Gönderen: 30 kasim 2019 Saat 00:16 | Kayıtlı IP
|
|
|
Merhaba Hasan hocam,
İyi de, Nisa 101'de sözü edilen namaz kısa namaz (size göre). Ben se orada namaz mamaz yok diyorum. Kısa uzuna kıyasla bilinir, uzun belli değilse, yoksa daha önce, neye kıyasla kısa namaz? Nisa 102'de anlatılan cephede kıldırılan kısa namaz (size göre). Siz se her gün camide evde kıldığınız ve 17/78 ve 11/114' dayandırdığınız günlük iki ve daha fazlası namazlarınızı Nisa 102'den çıkarıyorsunuz. O ayetlerde namaz yok, namaz anlatılmamış. Uzun namazı kısadan tespit edebilmeniz için, ondan önce namazla, ne idüğüyle ve kılınış şekli ile ilgili hiç bir bilginin bilinmemiş olması gerekir. Siz diyor musunuz ki, namazdan bahs eden ilk ayet Nisa 101-103 ayetleridir? Bana Urfa'nın etrafındaki dumanlı dağlar türküsünü çığıracağına şu cephede can pazarında yada salda kılınan namazı değil de evde, camide kıldığın namazını anlat, okuduğun Kuran'dan!
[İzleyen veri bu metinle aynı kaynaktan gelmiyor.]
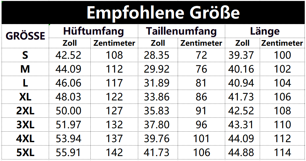 Größen tabelle: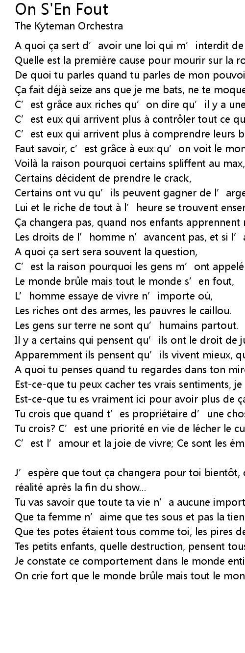| On crie fort que le monde br le mais tout le monde s' en fout... |

Can pazarındaki Nisa 102 namazını karıştırma! İsra 78 ve Hud 114'deki (size göre) güvenli ortamda kılınan namazın, dikkat etseydiniz, sandığınız gibi güvenli bir ortamda kılınmadığını, hemen bir önceki ve sonraki ayetlerden anlardınız. Bi'setin mukim güvensiz Mekke ortamını Medine'nin mukim güvenli ortamıyla karıştırıyor* olmayasınız. Benim sözünü ettiğim İsra 78 ve Hud 114'teki salat Mekke ortamındaki salattır. Sizin ise sözünü ettiğiniz namaz Medine ortamındaki salattır. Siz yıllar önce Mekke ortamında kıldığınız namazın tanımını yıllar sonra Medine ortamında inecek ayetlere dayandırıyorsunuz. İçinde dönüp durduğunuz çelişkiyi görün artık!
Selam ve saygı ile.
* * *
Kısa uzuna kıyasla bilinir, uzun belli değilse, yoksa daha önce, neye kıyasla kısa namaz?
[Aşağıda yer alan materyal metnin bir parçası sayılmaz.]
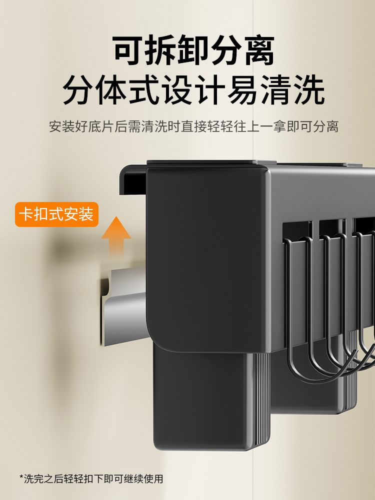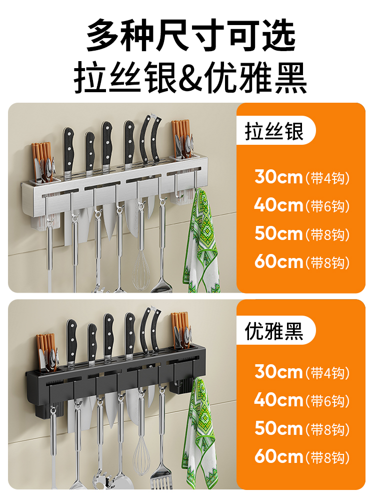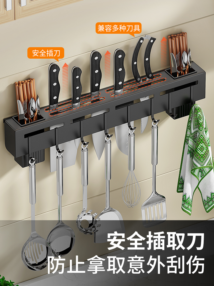 Elegant black 50CM (inserting knife, double chopsticks holder, storage, towel bar, 10 hooks)

Allah inanırların salâttan geri kalmasıyla ilgili hükmünü ayet 101'de belirtiyor ve geri kalmaktan kastının salâtın kısa tutulması olduğunu ayet 102'de gösteriyor. O’na inanırsınız. Artık size düşen, kısaltılmışı 1 rekat olan salâtın tamamını akletmek.
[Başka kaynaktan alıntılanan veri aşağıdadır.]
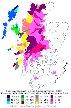 ![]() ![]() Distribución poblacional de los hablantes del Gaélico en Escocia (2001).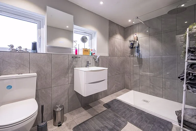 WC, heated towel rail, hand wash basin, walk in shower, extractor fan, frosted double glazed window to rear, part tiled walls, spotlights.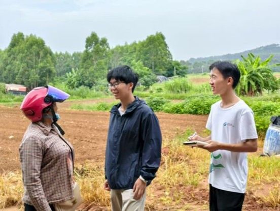 图2 负责人杨即兴与队长洪班超交流树脂在农业生产中的应用

Kısaltılmışı 1 rekat olan salâtın tamamı nedir?
3 rekat mı? Evet, olabilir. Ama 3 rekatın kısaltılmışı yalnızca 1 rekat değildir; 2 rekat ta olabilir. Oysa cephedeki uygulamada 2 rekat yok. Açık ve net. Olabilir dediğiniz 3 rekat aslında olamıyor. 3 rekat doğru cevap değil.
2 rekat mı? Olabilir. "Olabilir? Yani yine kesin değil?" Hayır, kesin. Çünkü 2 rekatın kısaltılmışı yalnızca bir tanedir: 1 rekat. Cephede kılınan işte o. Açık ve net. Cephedeki kısa uygulaması 1 rekat olan salâtın tamamı 2 rekattır.
Nisa 102'de anlatılan cephede kıldırılan kısa namaz (size göre). Siz se her gün camide evde kıldığınız ve 17/78 ve 11/114' dayandırdığınız günlük iki ve daha fazlası namazlarınızı Nisa 102'den çıkarıyorsunuz.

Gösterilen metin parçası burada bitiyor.